Property:yarn.scheduler.capacity.resource-calculator
Value:org.apache.hadoop.yarn.util.resource.DominantResourceCalculator
1.login to your emr master instance machine and update the follwong properties to /etc/hadoop/conf/capacity-scheduler.xml file
<property>
<name>yarn.scheduler.capacity.resource-calculator</name>
<!-- <value>org.apache.hadoop.yarn.util.resource.DefaultResourceCalculator</value> -->
<value>org.apache.hadoop.yarn.util.resource.``DominantResourceCalculator``</value>
</property>
- Restart your emr cluster by follwing command -
sudo reboot
Configure EMR FS file
The EMR File System (EMRFS) and the Hadoop Distributed File System (HDFS) are both installed on your EMR cluster.
EMRFS is an implementation of HDFS which allows EMR clusters to store data on Amazon S3.
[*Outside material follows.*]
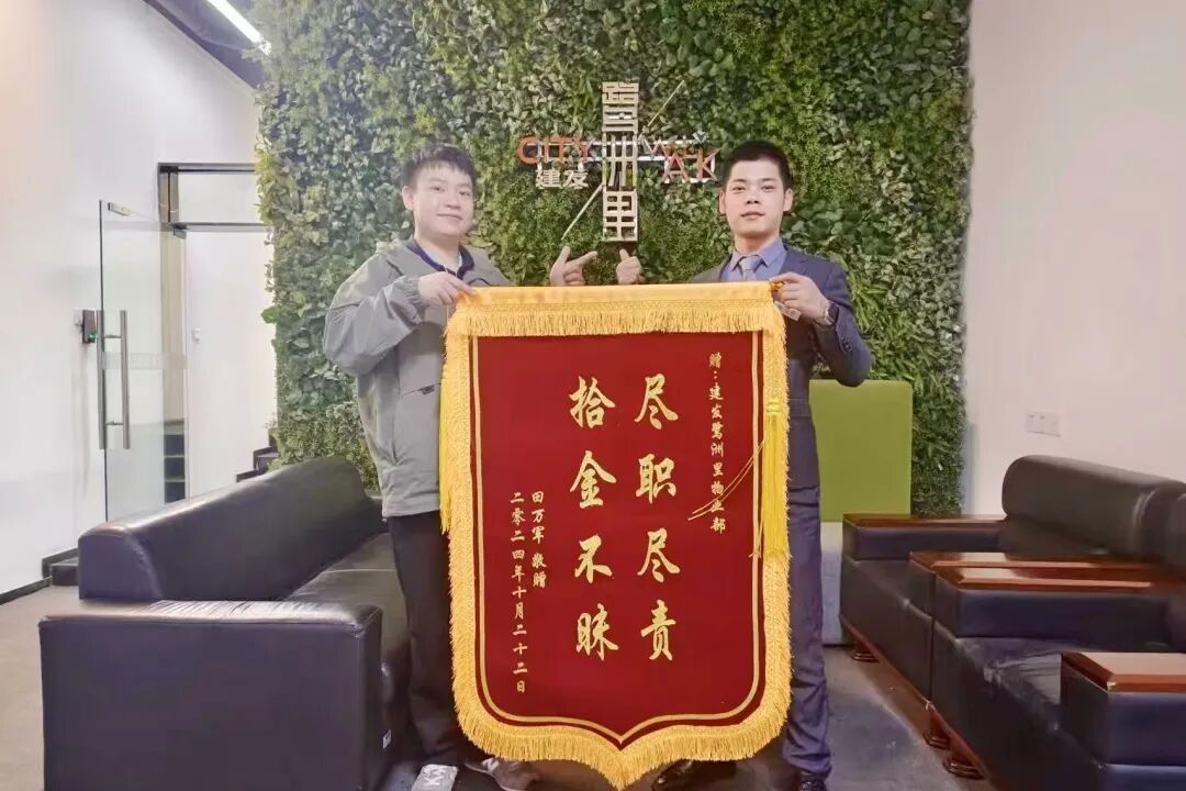 失主为表达感激之情,本意赠予五百元作为感谢,但被唐彤婉言谢绝。为表达对唐彤拾金不昧行为的敬意,失主特地前往鹭洲里物业部,赠送了一面写有“拾金不昧,尽心尽责”的锦旗。唐彤的这一行为,不仅彰显了其个人的高尚品质,更是威振保安公司企业文化和价值观的真实写照。

EMRFS will try to verify list consistency for objects tracked in its metadata for a specific number of retries. The default is 5. In the case where the number of retries is exceeded the originating job returns a failure. To overcome this issue you can override your default emrfs configuration in the following steps:
Step1: Login your EMR-master machine
Step2: Add following properties to /usr/share/aws/emr/emrfs/conf/emrfs-site.xml
sudo vi /usr/share/aws/emr/emrfs/conf/emrfs-site.xml
<property>
<name>fs.s3.consistent.throwExceptionOnInconsistency</name>
<value>false</value>
</property>
<property>
<name>fs.s3.consistent.retryPolicyType</name>
<value>fixed</value>
</property>
<property>
<name>fs.s3.consistent.retryPeriodSeconds</name>
<value>10</value>
</property>
<property>
<name>fs.s3.consistent</name>
<value>false</value>
</property>
Your emrfs-site.xml file look like this
<?xml version="1.0"?>
<?xml-stylesheet type="text/xsl" href="configuration.xsl"?>
<configuration>
<property>
<name>fs.s3.consistent.throwExceptionOnInconsistency</name>
<value>false</value>
</property>
<property>
<name>fs.s3.consistent.retryPolicyType</name>
<value>fixed</value>
</property>
<property>
<name>fs.s3.consistent.retryPeriodSeconds</name>
<value>10</value>
</property>
<property>
<name>fs.s3.consistent</name>
<value>false</value>
</property>
</configuration>